Zawisch.
Die Feinde sind im Nachteil, das ist klar!
Ottokar.
Das ist nicht klar. Die Waage steht für sie.
Der einz'ge Vorteil—doch der soll entscheiden!—
Ist, daß Euch Ottokar, und jene Habsburg führt.
(Er tritt an den Tisch und, mit der rechten Hand daraufgestemmt,
betrachtet er die vor sich liegende Karte.)
Zawisch.
Der Sieg ist unser, glaubt mir das, Herr Kanzler!
Kanzler.
Und wenn auch! was ist noch damit gewonnen?

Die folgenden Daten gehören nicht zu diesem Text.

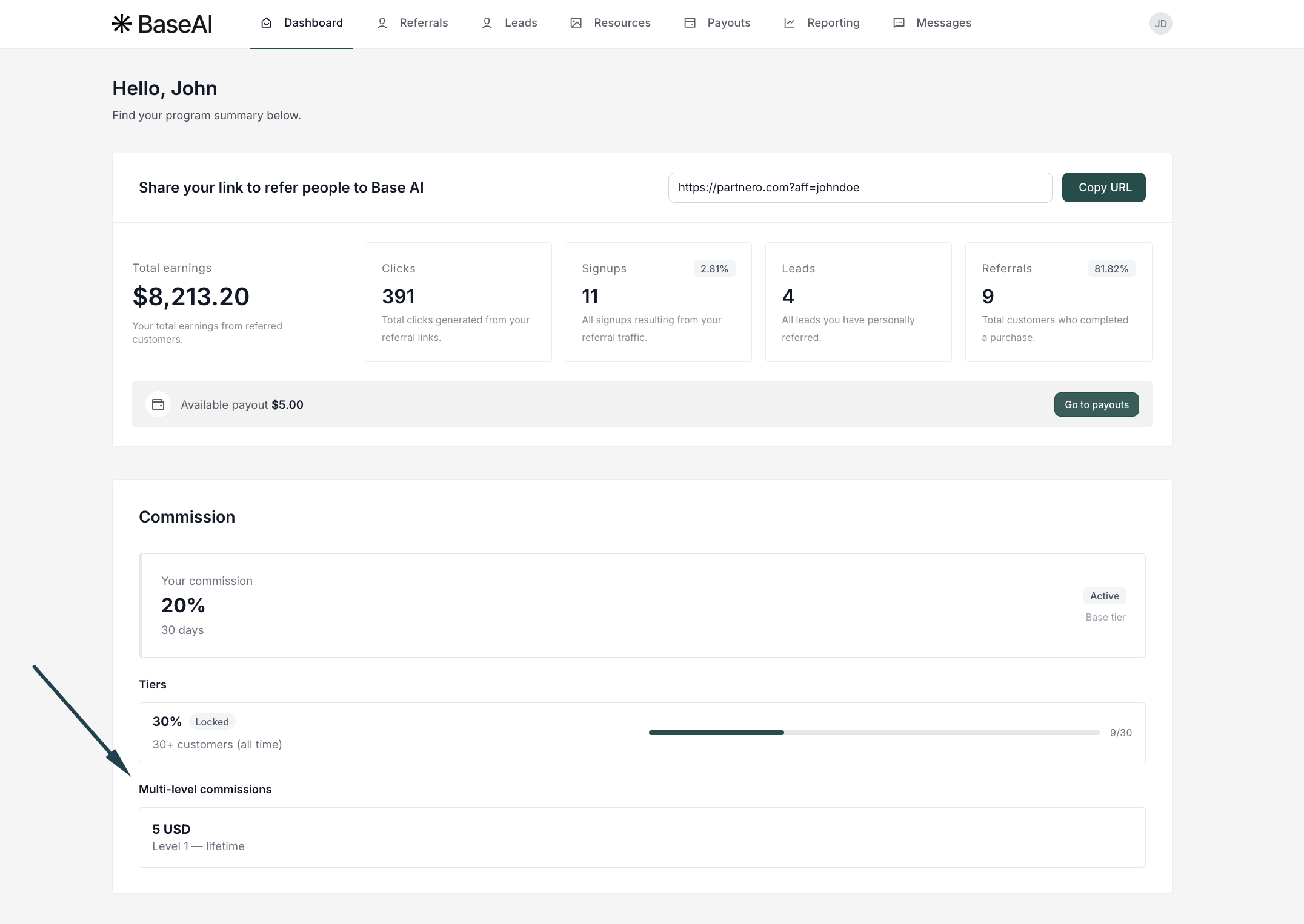 In the Referrals activity list, multi-level commissions are labeled with their level (e.g., "Multi-level commission (Level 1)") so partners can easily identify which tier the commission came from.
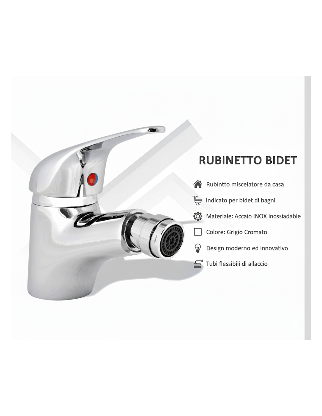 Miscelatore Rubinetto Acciao Inox Bagno Lavabo Bidet Cromato Tubi Flessibili
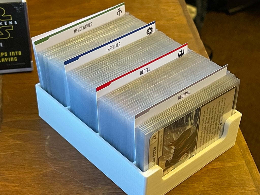 Desuden kan alle spilkort placeres i en af de store expansionsæsker, såsom Hoth, Jabba eller Coruscant, hvilket giver en praktisk løsning for kortopbevaring og samtidig holder alle kortene samlet. Mappefliser og tokens kan organiseres i kernenæsken.

Ihr schlagt den Kaiser heut, und übers Jahr
Kommt er herab mit einem neuen Heer.
Die Lande sind nun einmal mißvergnügt,
Bereit zu Aufstand und zu Meuterei,
Sie rufen Euch die Deutschen, eh' Ihr's denkt.

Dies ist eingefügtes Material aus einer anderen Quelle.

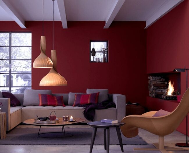 Natural light streams through large windows, balancing the rich wall color and creating a harmonious environment.
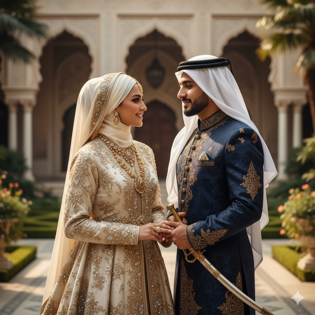 - Example: “Muslim couple in traditional attire, Eid celebration, soft golden light, Instagram reel style.”
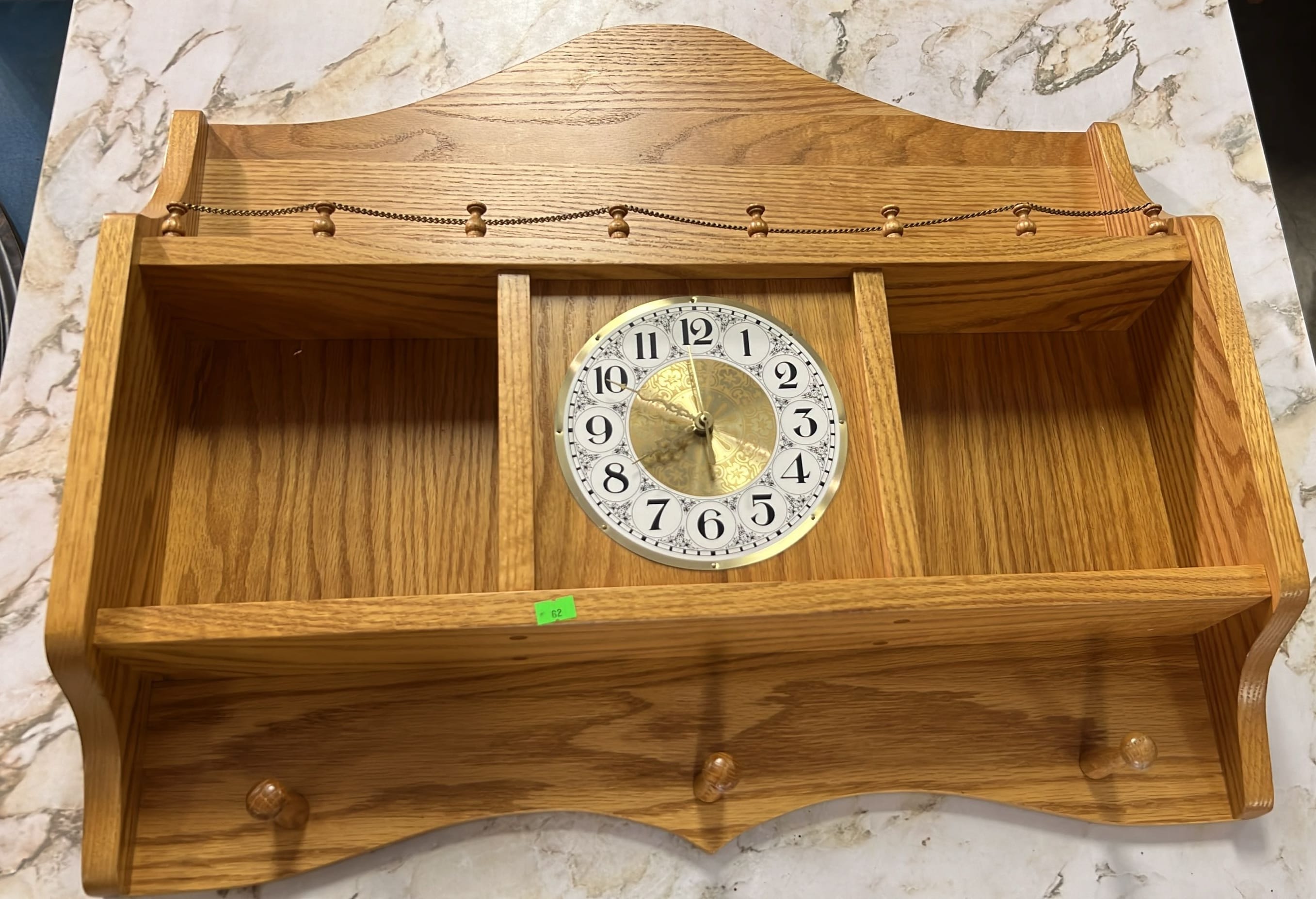 62 Oak Wall Shelf with Clock 27”x24”x5”

Und stirbt auch Rudolf, fällt er in der Schlacht;
Ein andrer Kaiser fodert Euch dasselbe,
Und ewig währt der Unfried' mit dem Reich.
Zawisch.
Was mehr?
Zawisch.
Was mehr?
Kanzler.
Was mehr?—Und rechnet Ihr für nichts
Das Unheil und die Greuel in dem Land?
Die Saat zerstampft, die Wohnungen verbrannt,
Die Menschen hingeschlachtet wie—daß Gott!
Schämt Euch, Herr Rosenberg, daß Ihr so sprecht!

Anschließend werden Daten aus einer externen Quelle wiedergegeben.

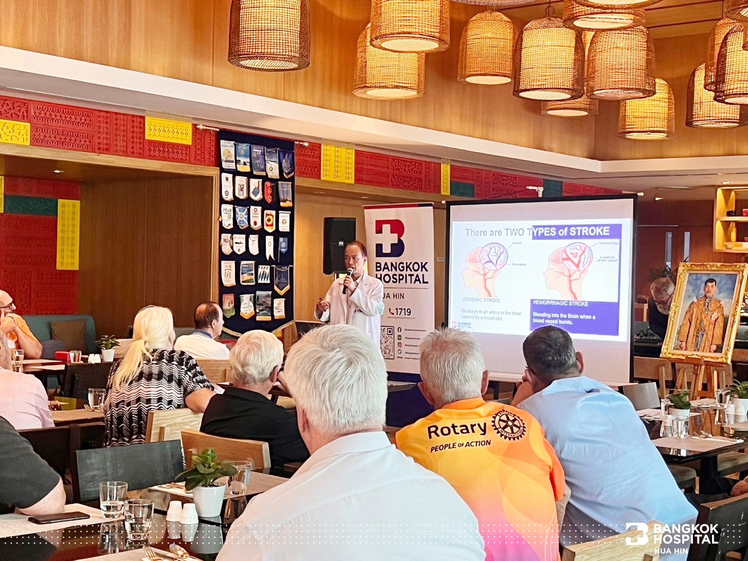 นพ. เรืองวุฒิ ตันติแพทยางกูร แพทย์เฉพาะทางระบบประสาทและสมอง โรงพยาบาลกรุงเทพหัวหิน บรรยายให้ความรู้ในหัวข้อ Introduction to Stroke แก่สโมสรโรตารีรอยัลหัวหิน โดยมี นพ.พงษ์ศักดิ์ บุญยะลีพรรณ ผู้ช่วยผู้อำนวยการโรงพยาบาลกรุงเทพหัวหิน เข้าร่วมงาน และมีคุณ Brian Anderson นายกสโมสรฯ ให้การต้อนรับ ณ โรงแรมอมารีหัวหิน เมื่อวันที่ 12 มีนาคม 2567
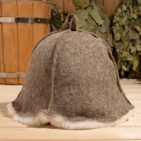 Шапка для бани и сауны «Войлочная», овчина покрытая войлоком, скорняжный шов, тёмная

Hat darum unser König Gold und Gut
Daran gesetzt, sein Böhmen aufzubringen?
Es geht der Pflug, der Weber sitzt am Werk,
Der Spinner dreht, der Berg gibt seinen Schatz;
Und soll er nun mit eigner Fürstenhand
Das all zerstören, was er selbst gebaut?
Ei geht, Ihr wißt nicht, was Ihr sprecht, Herr Zawisch!
Der König kennt das besser, als Ihr glaubt!
Ottokar (vor sich hin).
Im Grunde waren sie's, die mir den Antrag taten!
Kanzler.
Wohl waren sie's!
Ottokar (wieder auf und nieder gehend).
Ist Schmach dabei, trifft sie's!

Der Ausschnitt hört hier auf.